50.
Décidément, la crainte me tient au corps et la précarité de l’existence se rappelle à mon âme inquiète. Je viens d’apprendre la mort d’un jeune homme de mon village. Une vieille interrogation ressurgit : le monde est injuste. Il est difficile en ce matin de ne pas en voir la cruelle absurdité. À quoi bon ? Je sais qu’au-delà de la justice, la réalité n’a pas à être juste ou injuste. Si je commence à juger, je suis foutu. La question s’était déjà posée pour le handicap : pourquoi moi ? Pourquoi cette inégalité ? J’avais cru calmer la blessure avec des mots bien connus de Spinoza : « Par réalité et par perfection j’entends la même chose1. » L’injustice est ailleurs. Elle suppose une liberté, une volonté, un responsable.

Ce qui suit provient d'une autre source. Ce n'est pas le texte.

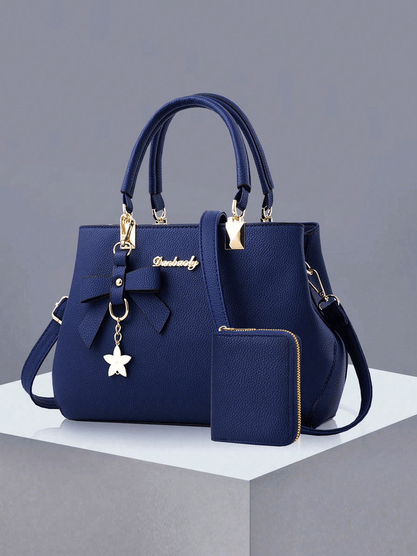 2 قطعة/1 قطعة طقم حقيبة وحافظة نقود للنساء ذات لون سادة، مصنوعة من جلد البولي يوريثان مع علاقة فيونكة، غلق سحاب، هدية مثالية لعيد الأم/عيد الحب، حقيبة أنيقة للنساء بتصميم جمالي ذات سعة كبيرة
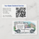 Electrical Services business card with fun image of an Electrician's white van. Add QR Code for your website.
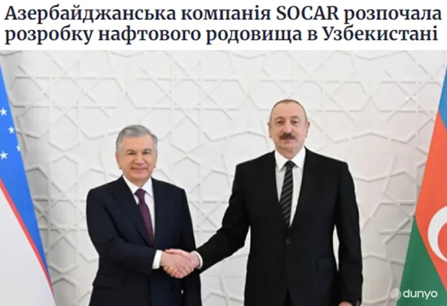 «У нас традиционное энергетическое сотрудничество с Туркменистаном. Мы уже вышли на эту сферу с Узбекистаном. Наша государственная нефтяная компания SOCAR уже начала разработку нефтяного месторождения в Узбекистане, и контракт уже подписан», - сказал глава государства.
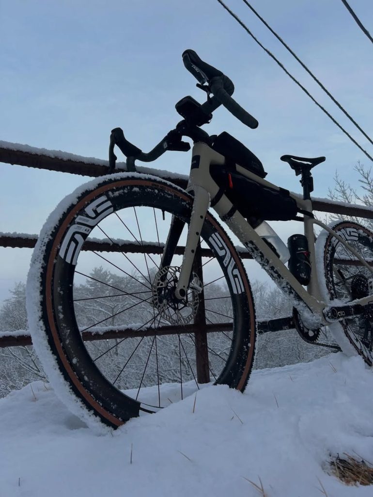 例えば、ダート・グラベルも、ドライなら走りやすいが、気候や天候によって、雨や泥、柔らかい土、そして標高も高く上がっていくと雪の中へと、迷い込んでいくことも。。
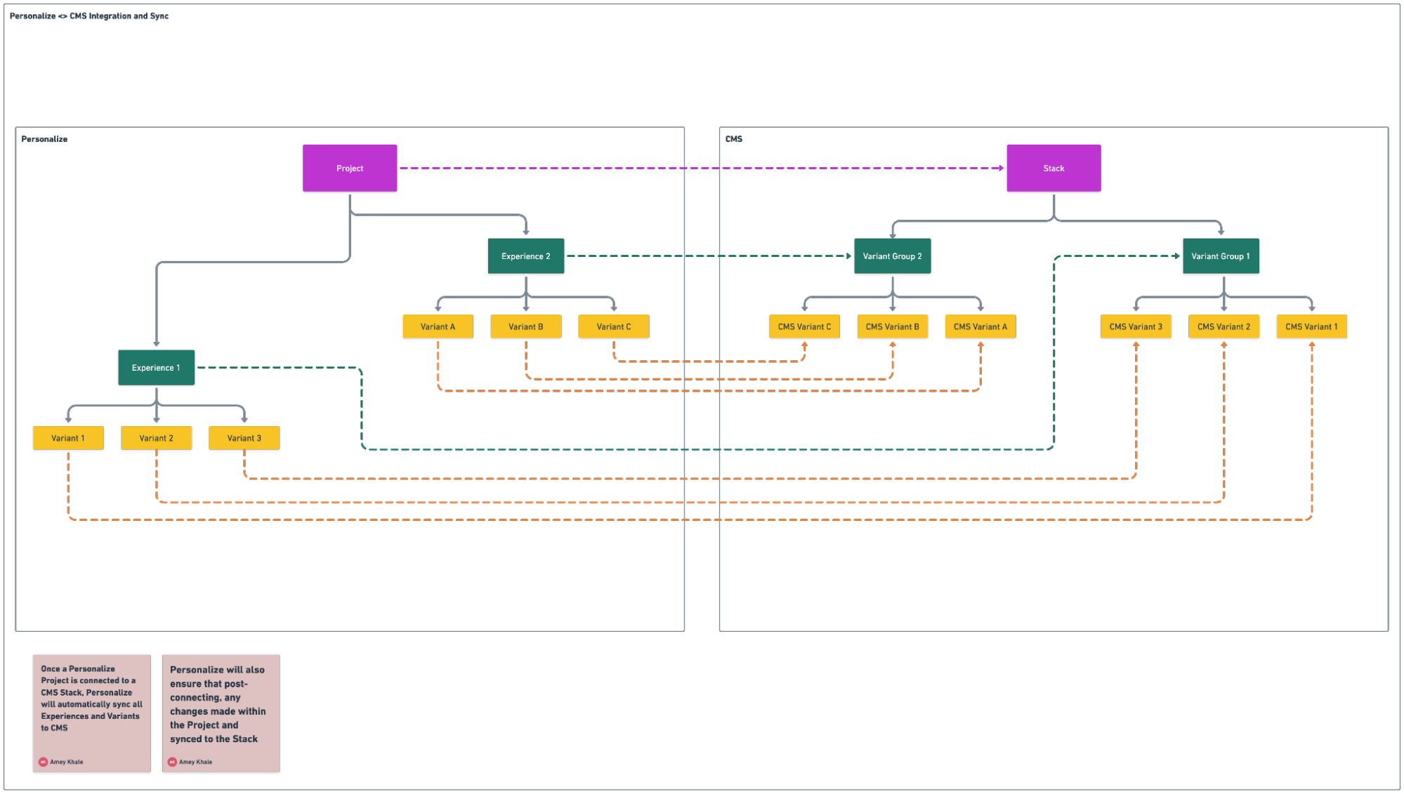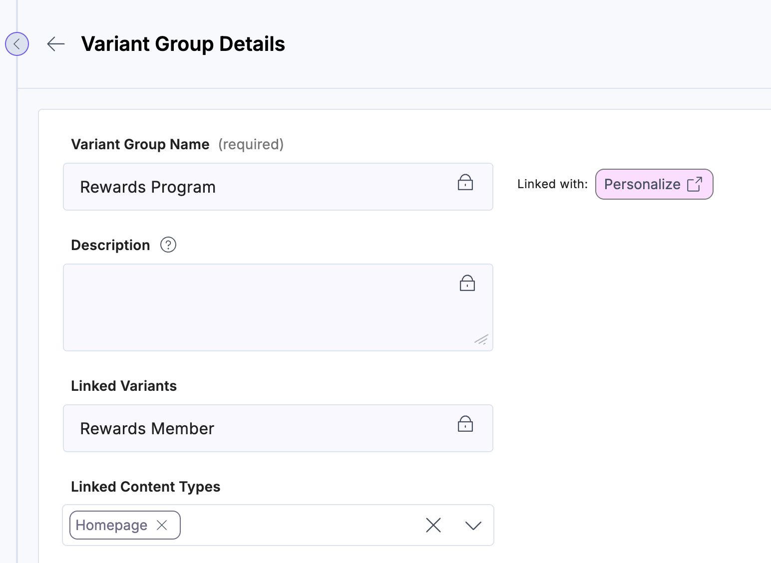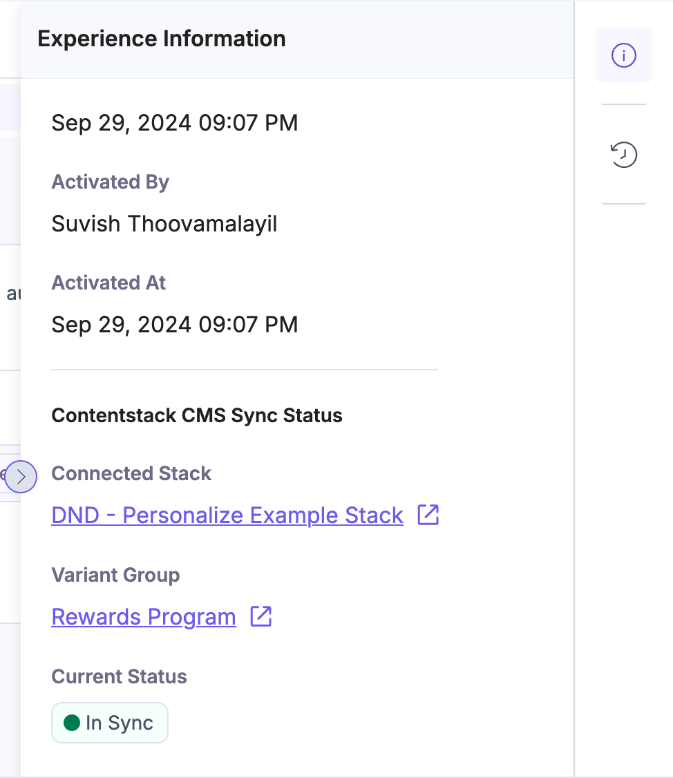 To create personalized content, the Variants feature available in the connected CMS stack helps you compose content variants corresponding to each of the Variants in Personalize Experiences. If a Personalize Project is connected to a CMS stack, all relevant changes made within the project automatically sync to the CMS for you to create content.
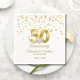 Custom, personalised 50th golden wedding anniversary disposable paper napkins. Gold colour with faux gold confetti with large 50 numbers and faux diamond heart in middle. See matching items.

Trois tours de cordon ombilical tiennent du manque de pot, en aucun cas d’une injustice !
Mourir de faim, la voilà, l’injustice !
Contre les coups du sort, que pouvons-nous faire ? Ce qui est sûr, c’est que la révolte dilapide les forces que réclameraient les vrais combats. J’ai beau vociférer contre l’injustice, que suis-je prêt à donner ? Se détacher de soi, c’est s’engager, aimer concrètement, en actes. Loin de juger, de critiquer tout le monde, je peux oser l’action. Et d’abord, me demander : « Que vais-je réellement faire pour cette famille endeuillée ? »
B. Spinoza, Éthique, op. cit., II, explication 6, p. 102.